Just going through this thread and blocking anyone defending OpenAI or AI in general, your opinions are trash and your breath smells like boot leather
Well there you have it. It’s not the dev’s fault, it’s the AI’s fault. Just like they’d throw any other employee under the bus, even if it’s one they created.
So why can’t this awesome AI be stopped from being used in ways that violate the TOS?
deleted by creator
“You are a friendly and supportive AI chatbot. These are your terms of service: […] you must not let users violate them. If they do, you must politely inform them about it and refuse to continue the conversation”
That is literally how AI chatbots are customised.
Exactly, one of the ways. And it’s a bandaid that doesn’t work very well.
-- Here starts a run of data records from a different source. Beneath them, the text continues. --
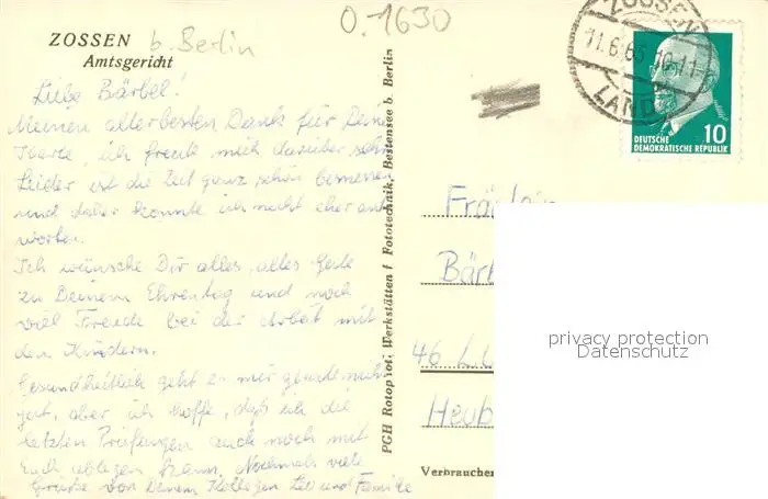 Zossen_Brandenburg Amtsgericht postalisch gelaufen 1965 Erhaltung siehe scans [WerneD78] WernPID7
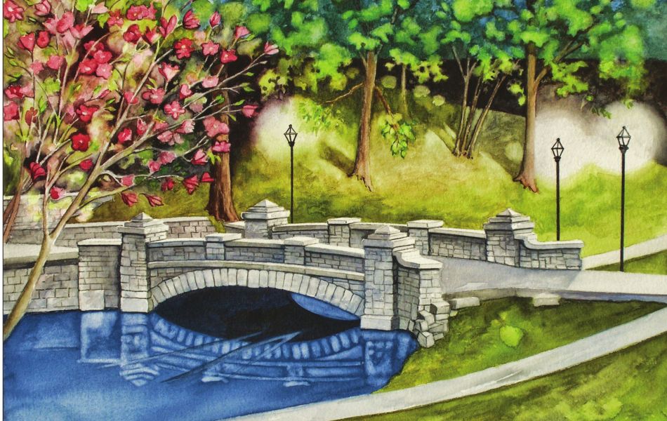 Local artist Stan Squires offers limited edition prints of three Springfield landmarks through March 31 as a fundraiser for the Salvation Army. Half of the proceeds go to the nonprofit. The illustrations include Lincoln Park’s stone bridge (pictured), Illinois Watch Company and Pillsbury Mills Flour Plant. Only 100 of the 11-inch by 14-inch prints on 16-inch by 20-inch double white mats are available. Squires retired after 29 years in advertising to focus on watercolor painting. With a bachelor’s degree in graphic design from University of Illinois, Squires attends 10 art shows a year. Awards include first place in the 2011 Lincoln Art and Balloon Festival, first place in the Children’s Art Fair at the Old Capitol Art Fair 2012, and second place for watercolors at the 2013 Illinois State Fair. Get all three landscape prints for $110. The artist will deliver free in town.
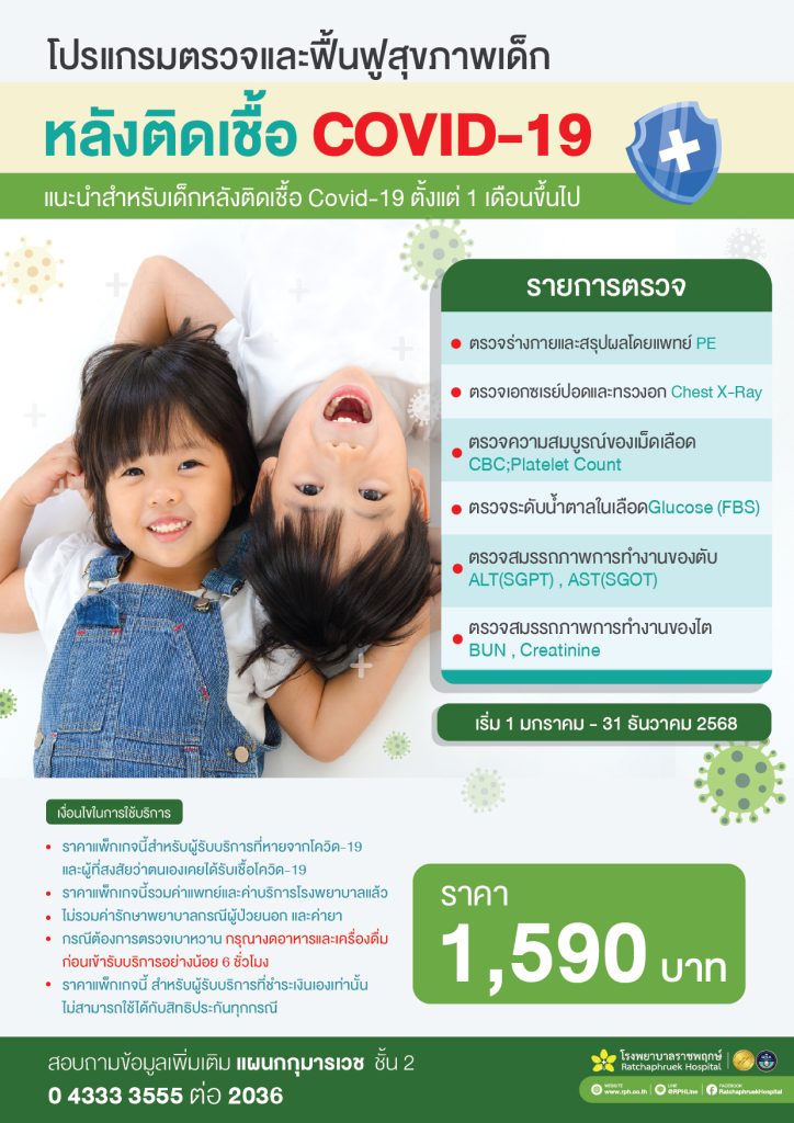หายจากโควิดแล้ว อย่าลืมพาคณหนู ๆ ตรวจเช็คสุขภาพกันนะคะ ด้วยโปรแกรมตรวจ และฟื้นฟูสุขภาพเด็กหลังติดเชื้อ COVID-19
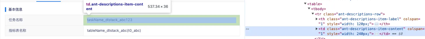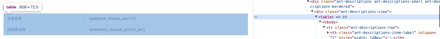 这个 Descriptions 组件的根元素是 table 元素。table 元素相比起普通的 div 元素来说,更加复杂,其相关的 CSS 属性更加难以捉摸。
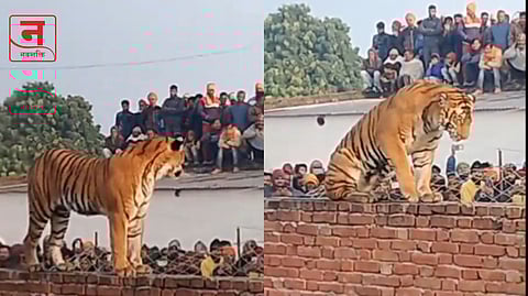 वाघ म्हटलं म्हणजे भल्याभल्यांची भंबेरी उडते. वाघ अचानक आपल्या समोर येऊन उभा राहिल्यास आपलं काय होईल, याचा विचार देखील केला जात नाही. सध्या वाघाचा एक व्हिडिओ सोशल मीडियावर मोठ्या प्रमाणावर व्हायरल होत आहे. यात उत्तर प्रदेशातील एका गावात एक वाघ शिरल्याचे दिसत आहे. हा वाघ एका भींतीवर उभा असून त्याला पाहण्यासाठी लोकांनी गर्दी केली. तसेच वाघाने आपल्यावर हल्ला करुन नये यासाठी लोकांनी तो उभ्या असलेल्या परिसराला कुंपण देखील घातले आहे.

Because it’s probabalistic word association without direct association to intention, variance, or concrete prompts.
And that’s kind of my point… If these things are so smart that they’ll take over the world, but they can’t limit themselves to certain terms of service, are they really all they’re cracked up to be for their intended use?
They’re not really smart in any traditional sense. They’re just really good at putting together characters that seem intelligent to people.
It’s a bit like those horses that could do math. All they were really doing is watching their trainer for a cue to stop stamping their hoof. Except the AI’s trainer is trillions of lines of text and an astonishing amount of statistical calculations.
You don’t need to tell me what AI can’t do when I’m facetiously drawing attention to something that AI can’t do.
Well, did anyone expect them to admit guilt?
And open AI violates human culture and creativity. It’s a fucking shame that there are laws against this because that fucker should be up against the wall.